A board of education may, in its discretion, select qualified school district employees or may engage the services of qualified non-employees to provide related services, such as counseling (Matter of Bd. of Ed., Frontier CSD, 23 Ed. Dept. Rep. 85). Counseling may be provided by qualified social workers, psychologists, guidance counselors or other qualified personnel (34 CFR 300.13[b]). In this instance, the CSE did agree, at its December 1, 1989 meeting, to secure the services of the student's private psychologist until the student returned to school. Thereafter, the CSE advised petitioners that the district was precluded as a matter of law from employing a private psychologist. However, there is no such restriction, as noted above. Although a school district may be compelled to honor its agreement to provide services in a particular manner (Application of a Child with a Handicapping Condition, 29 Ed. Dept. Rep. 507), there would be no purpose in ordering respondent to contract with the psychologist in question to provide services on a temporary basis because the student is now receiving counseling from an employee of the Port Washington public schools. However, I note that respondent was previously directed by the Commissioner of Education to implement this child's IEP as written (Application of a Child with a Handicapping Condition, 28 Ed. Dept. Rep. 339), and I direct respondent to not alter the agreed upon terms of a proposed IEP without affording petitioners an opportunity to discuss such changes with the CSE.
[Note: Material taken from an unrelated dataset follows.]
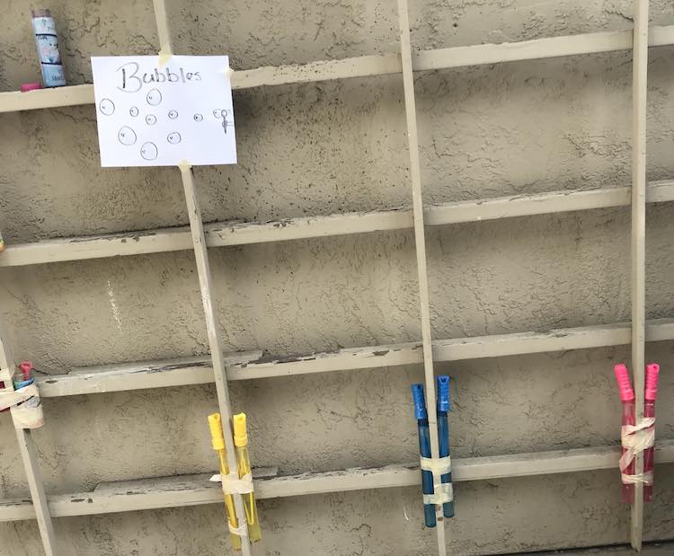 Like before, before Zoey’s party, I swept over the deck cleaning up the excess toys so the kids wouldn’t be overwhelmed I set aside any toys I thought the kids at the party may enjoy if the main science sensory stations didn’t keep their attention. Since I made signs for the main two stations Ada and I figured we had to continue the signs throughout all the stations on the deck.

As noted above, the student's IEP of December 1, 1989 provided for two 45 minute sessions of occupational therapy and one 45 minute session of physical therapy each week, while the IEP of January 12, 1990 provided for three 30 minute sessions of occupational therapy and two 30 minute sessions of physical therapy each week. The frequency with which these related services were to be provided pursuant to the January IEP is consistent with the recommendation of the student's pediatric neurologist. However, petitioners argue that each session of therapy should be for a minimum of 45 minutes. I note that the neurologist's original recommendation did not specify the length of each session. The testimony of respondent's occupational therapist and physical therapist at the hearing supports the CSE's decision to alter the length of each session of therapy.
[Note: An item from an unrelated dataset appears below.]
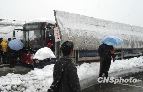 11月11日,河北石家庄已遭受持续48小时的强降雪,降雪量超过74毫米,打破54年来的最高纪录。图为石家庄公交枢纽站候车亭顶被积雪压塌。中新社发 宋敏涛 摄
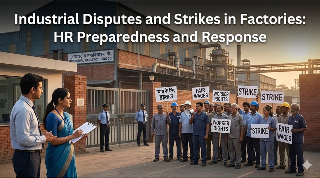 This article explains how HR must prepare for, respond to, and manage industrial disputes and strikes in Indian factories.

Petitioners also contend that their daughter's IEPs were often incomplete as to required details, and ask that I direct respondent to adhere to the requirements of Federal and State regulations in preparing future IEPs. My review of the record indicates that the student's IEPs frequently lacked required information as to the related services to be provided, such as the length of sessions, group size, goals and projected initiation dates, in violation of 34 CFR 300.346 and 8 NYCRR 200.4(c)(2)(v). I direct respondent to ensure that its CSE comply with these requirements in the future.
THE APPEAL IS SUSTAINED TO THE EXTENT INDICATED.